Thursday, September 23, 2010

Game Watchability Score – 2010 Week 4

I came up with a method that weighs the quality of teams and closeness of teams equally (with a home field adjustment thrown in). Games will score well if the teams are ranked high and the teams are closely matched.

The list is ranked by the ‘Game Watchability Score’, with the teams and their rankings. Remember it's early, the ratings used for this are based on 2-3 games per team. Still a fun method to look at it objectively. I’ll post these each week.

I’ll explain the methodology below in case you are interested.
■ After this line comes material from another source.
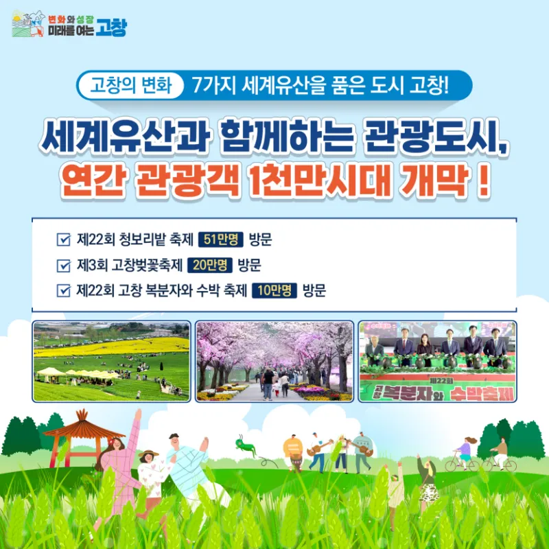 고창군은 세계유산도시의 자부심을 안고, 마침내 관광객 1천만 시대를 열었습니다. 유네스코가 인정한 7개의 세계적인 보물을 품은 고창은 "2023 고창 방문의 해"의 대성공을 시작으로 벚꽃축제, 청보리밭 축제, 모양성제 등 다양한 축제들이 큰 사랑을 받으며 고창을 찾는 발걸음을 한층 더 늘려주고 있습니다.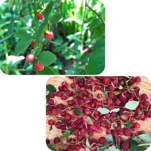 お早うございます☀️☀️ 今日、収穫しました🌲🍒🌲 ウグイスカグラ 50g デリケートな実、種も柄も付いてジャム作りは、残念なことになりました。 生で食べ鳥と分かち合うことも大事だと思いました(*≧︎∀︎≦︎)∩︎〃ウヒャヒャ!!!!!

Please click the “read more” link to see the scores. The rankings listed do not include games from Thursday/Friday and they combine FBS and FCS.

3.07 Oklahoma (18) @ Cincinnati (12)
2.92 Oregon (3) @ Arizona State (34)
2.90 Temple (21) @ Penn State (11)
2.88 Virginia Tech (26) @ Boston College (23)
2.84 Central Michigan (16) @ Northwestern (40)
2.73 UCF (24) @ Kansas State (46)
2.73 Alabama (1) @ Arkansas (36)
2.72 Cal (27) @ Arizona (13)
2.61 Florida International (32) @ Maryland (54)
2.44 Miami (FL) (9) @ Pitt (51)
2.32 Stanford (2) @ Notre Dame (49)
2.09 West Virginia (47) @ LSU (20)
1.99 Northern Colorado (48) @ Michigan State (78) - take note of the higher ranked team
1.95 South Carolina (31) @ Auburn (68)
1.90 Georgia (53) @ Mississippi State (80)
1.82 Kentucky (56) @ Florida (25)
1.78 Wake Forest (64) @ Florida State (44)
1.76 UCLA (62) @ Texas (38)
1.66 Liberty (55) @ James Madison (7)
1.54 Oregon State (58) @ Boise State (6)
1.45 NC State (5) @ Georgia Tech (75)

Which is the least interesting game? Austin Peay (#231) @ Wisconsin (#33), scores –3.38.

To figure Game Watchability Score:

For the quality rating, take the ratings of the two teams and multiply them. Figure that for all games.

Take the game quality rating and subtract the average game quality rating. Divide by the standard deviation of all games.

For the closeness rating, take the absolute value of home team -
road team rating (with a HFA built in of +.025/-.025).

Take the average closeness factor and subtract the game closeness
factor. Divide by the standard deviation of all games.

This puts each factor on the same scale. Add the standard deviations
together and you get your game rating.